A carta de Pero Vaz de Caminha, primeiro registro sobre a chegada da frota de Pedro Álvares Cabral em terras tupiniquins, chega a descrever a troca inaugural no Brasil: equipamentos do navegante por colar e cocar de indígenas. Os 3 milhões de índios que viviam no país, acostumados com a economia de subsistência, estranharam os costumes estrangeiros. Mas foram eles, explorados pelos colonizadores, que fizeram do pau-brasil a primeira moeda de troca oficial em nossa terra. Os indígenas retiravam e entregavam a madeira aos colonizadores em troca de miçangas, tecidos, facas e outros objetos.
Panos de algodão, açúcar e tabaco eram outras moedas comuns na nova colônia portuguesa. O gado bovino foi um dos mais utilizados no escambo. Pequenas conchas do mar, que funcionavam como moeda no Congo e Angola, foram usadas na compra de escravos, como visto no início da reportagem.
Metal
Paralelo às mercadorias, as moedas de metal circulavam no Brasil colonial. A primeira foi os réis, unidade monetária de Portugal nos séculos 15 e 16. Com a formação da União Ibérica (1580-1640), verificou-se um fluxo grande de moedas de prata espanholas (reales). As moedas de réis portugueses eram as mesmas usadas na metrópole, oriundas de diversos reinados e possuíam, às vezes, denominações próprias, como português, tostão e vintém.
Nesse período, a moeda brasileira se formava de modo aleatório, com outras espécies trazidas por colonizadores, invasores e piratas que comercializavam na costa brasileira. Um exemplo são as moedas holandesas. Cercados pelos portugueses no litoral de Pernambuco e não dispondo de dinheiro para pagar seus soldados, os holandeses realizaram entre 1645 e 1646 a primeira cunhagem de moedas em território nacional. Foram também as primeiras moedas a estamparem o nome do Brasil.
Devido à inexistência de uma política monetária específica na colônia, a quantidade de moedas em circulação era insuficiente. Por esse motivo, as mercadorias permaneciam tendo valor de dinheiro. Em 1614, por exemplo, o governador do Rio de Janeiro estabeleceu que o açúcar corresse como moeda legal, ordenando que os comerciantes o aceitassem obrigatoriamente como pagamento. "Os réis e o escambo funcionaram como moeda durante a colônia. Após a independência, em 1822, e da Proclamação da República, em 1889, os réis seguiram como moeda oficial até 1942. Ou seja, da chegada dos portugueses ao governo de Getúlio Vargas", explica o professor de economia da PUC-PR Másimo Della Justina.

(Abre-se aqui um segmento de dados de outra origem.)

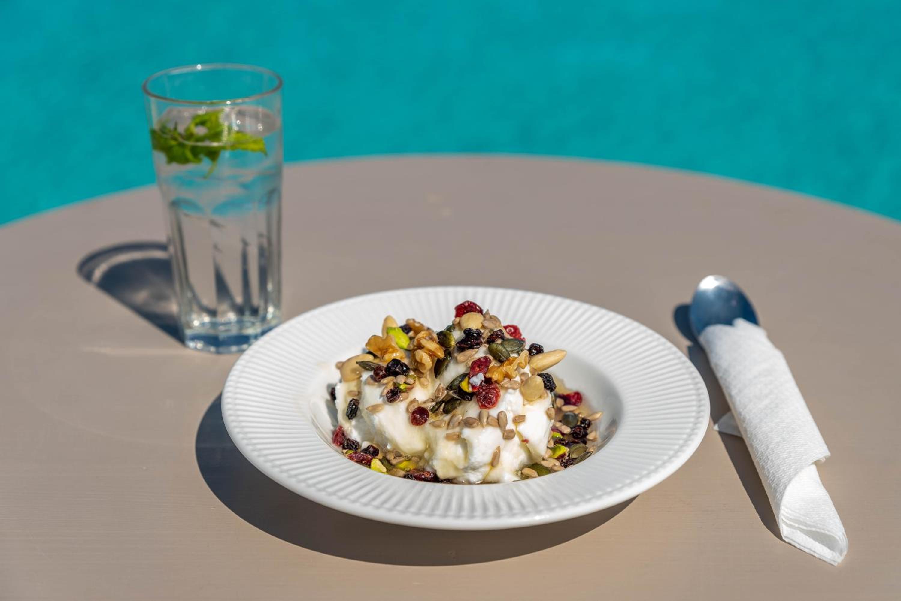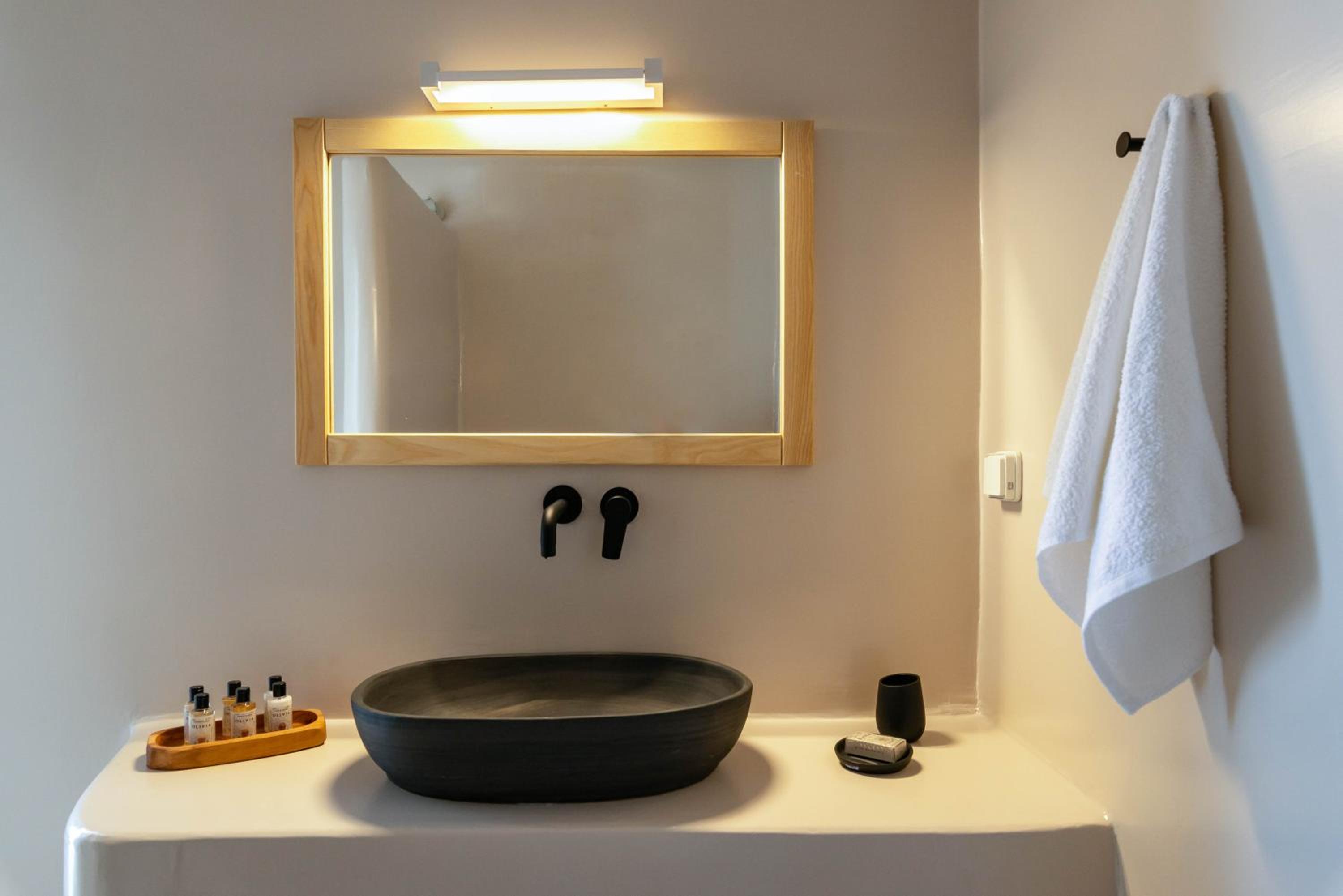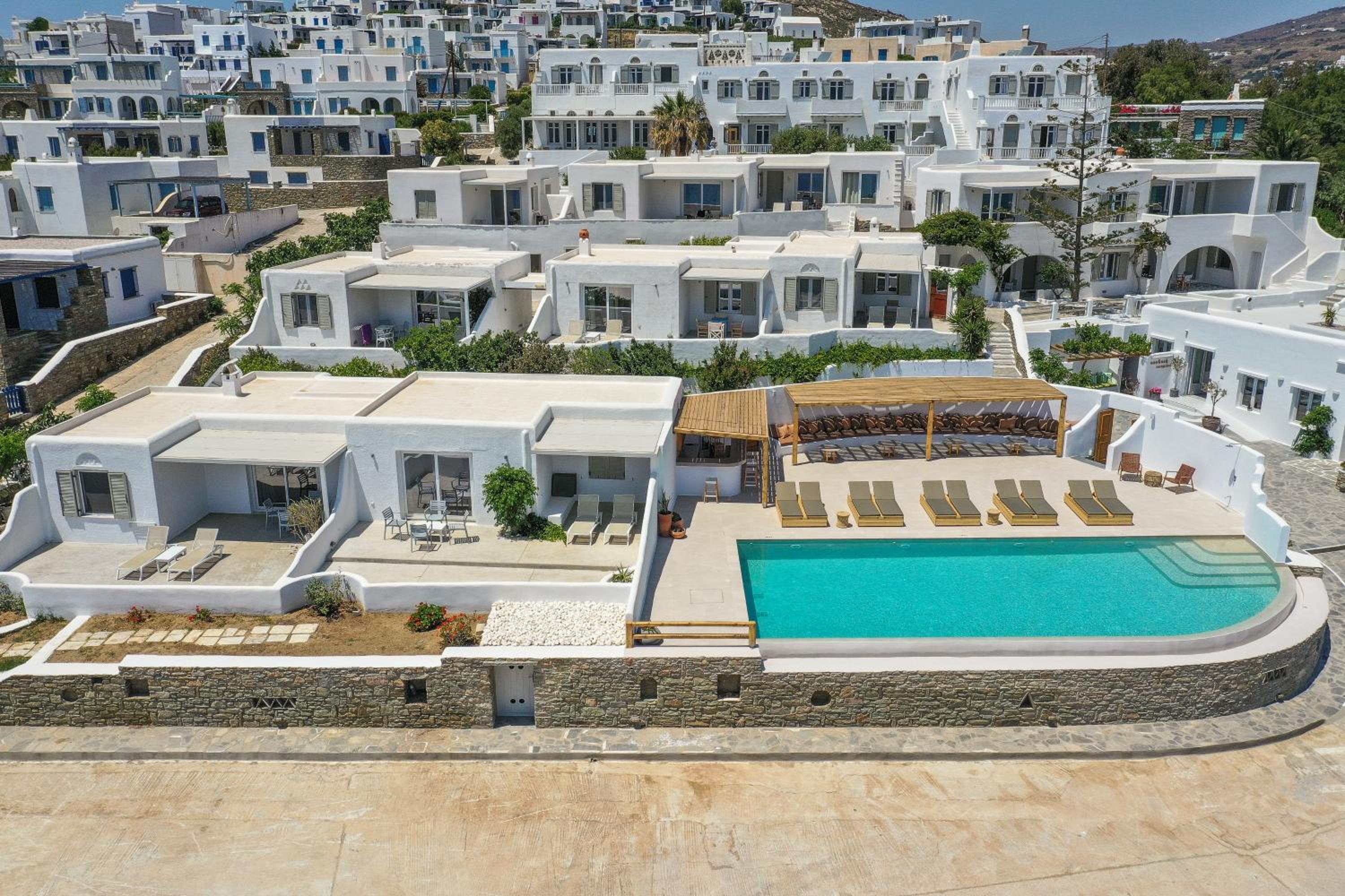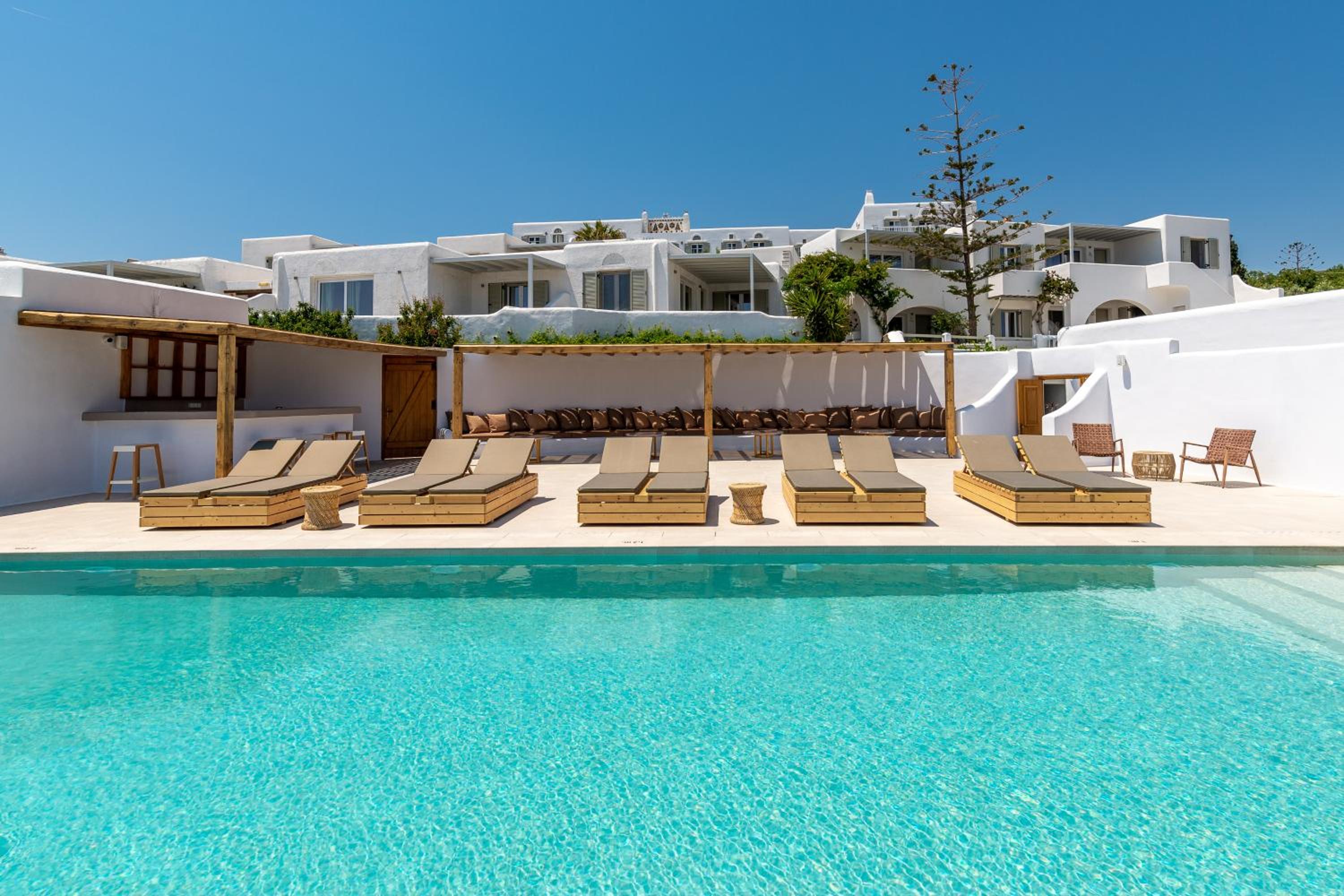 Very comfy beds. Delicious breakfast. Very clean rooms. Charming staff. In the best place in Tinos. Beautiful views. Very clean beach.

Cruzeiro foi "marketing" de Vargas
O Brasil começava a sofrer os efeitos da Revolução Industrial de 1930 quando, em 1942, o presidente Getúlio Vargas determinou a primeira mudança do nome da moeda brasileira. O real, em vigor desde o período colonial, seria aposentado. Em seu lugar entrou o cruzeiro. Mil réis passaram a valer 1 cruzeiro, sendo o primeiro corte de três zeros na história monetária do país. É aí que surge também o centavo.
Segundo o professor e pesquisador Másimo Della Justina, a mudança da nomenclatura foi uma estratégia de marketing do Estado Novo. "Era para mostrar que o Brasil vivia uma nova era, com a industrialização de São Paulo e Minas Gerais, por exemplo", explica.
O cruzeiro vingou até 1967, quando o governo militar realizou um novo corte de três zeros na moeda para tentar evitar sua desvalorização.
Dessa forma, o cruzeiro novo substituiu o cruzeiro "antigo". Para adaptar as antigas cédulas que estavam em circulação, o governo mandou carimbá-las. Três anos depois, em 1970, os militares voltaram a alterar a nomenclatura da moeda brasileira, chamada novamente de "cruzeiro". "Nesse período, o Brasil enfrentou o chamado milagre econômico (1968-1973), com crescimento de 9% ao ano, mas também crises financeiras, como a volta da inflação", afirma o pesquisador.